Documentation
¶
Overview ¶
Package docparser provides a multi-backend document parser that converts files (PDF, DOCX, images, etc.) into []datasource.NormalizedItem for vectorization. Backends include Docling Serve and Gemini. The active provider is selected via Config.Provider.
Index ¶
Constants ¶
This section is empty.
Variables ¶
This section is empty.
Functions ¶
func DetectMIME ¶
DetectMIME returns the MIME type for a filename based on its extension. Falls back to "application/octet-stream" for unknown types.
func SplitOnPageMarkers ¶
SplitOnPageMarkers splits text on "--- PAGE N ---" markers. Returns at least one element (the whole text) if no markers found.
Types ¶
type Config ¶
type Config struct {
// Provider selects the active backend: "docling", "gemini".
Provider string `toml:"provider,omitempty" yaml:"provider,omitempty"`
Docling DoclingConfig `toml:"docling,omitempty" yaml:"docling,omitempty"`
Gemini GeminiConfig `toml:"gemini,omitempty" yaml:"gemini,omitempty"`
}
Config selects which parsing backend to use and holds per-provider settings. Only the sub-config matching Provider is used; the rest are ignored.
type DoclingConfig ¶
type DoclingConfig struct {
// BaseURL is the Docling Serve REST API base (e.g. "http://localhost:5001").

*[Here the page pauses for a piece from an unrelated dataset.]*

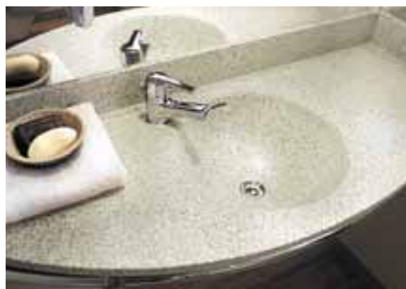
NOVOTEL, ROTTERDAM, PAYS-BAS. PLAN-VASQUE "TOUT EN UN" EN CORIAN® PYRENEES.

Sur le plan fonctionnel, Corian® garantit une hygiène irréprochable. Ses éléments massifs et non poreux s'assemblent sans joints perceptibles, créant ainsi des lavabos intégrés et des plans-vasques d'une pièce, simples et faciles à nettoyer et à entretenir.

BaseURL string `toml:"base_url,omitempty" yaml:"base_url,omitempty"`
}
DoclingConfig holds settings for the Docling Serve sidecar backend.
type GeminiConfig ¶
type GeminiConfig struct {
// Model is the Gemini model to use for document parsing (e.g. "gemini-2.0-flash").
Model string `toml:"model,omitempty" yaml:"model,omitempty"`
}
GeminiConfig holds settings for the Gemini file-upload backend.
type ParseRequest ¶
type ParseRequest struct {
// Reader provides the raw file content.
Reader io.Reader
// Filename is the original filename (used for MIME-type detection and metadata).
Filename string
// SourceID is a stable ID prefix for generated items (e.g. "gdrive:fileId").
// Parsed pages/sections are suffixed with ":page:N".
SourceID string
}
ParseRequest carries the file to parse. Reader provides the file content; Filename is used for MIME detection and metadata. SourceID is a stable prefix for generated item IDs (e.g. "gdrive:abc123").
type Provider ¶
type Provider interface {
// Parse reads a document and returns one NormalizedItem per page or section.
// Each item's Content contains the extracted text; Metadata includes
// element_type, page_number, mime_type, and parser backend name.
Parse(ctx context.Context, req ParseRequest) ([]datasource.NormalizedItem, error)
}
Provider is the interface that all document parsing backends implement. Given a ParseRequest (io.Reader + filename), it returns structured items ready for vectorization. Multi-page documents produce one NormalizedItem per page or logical section.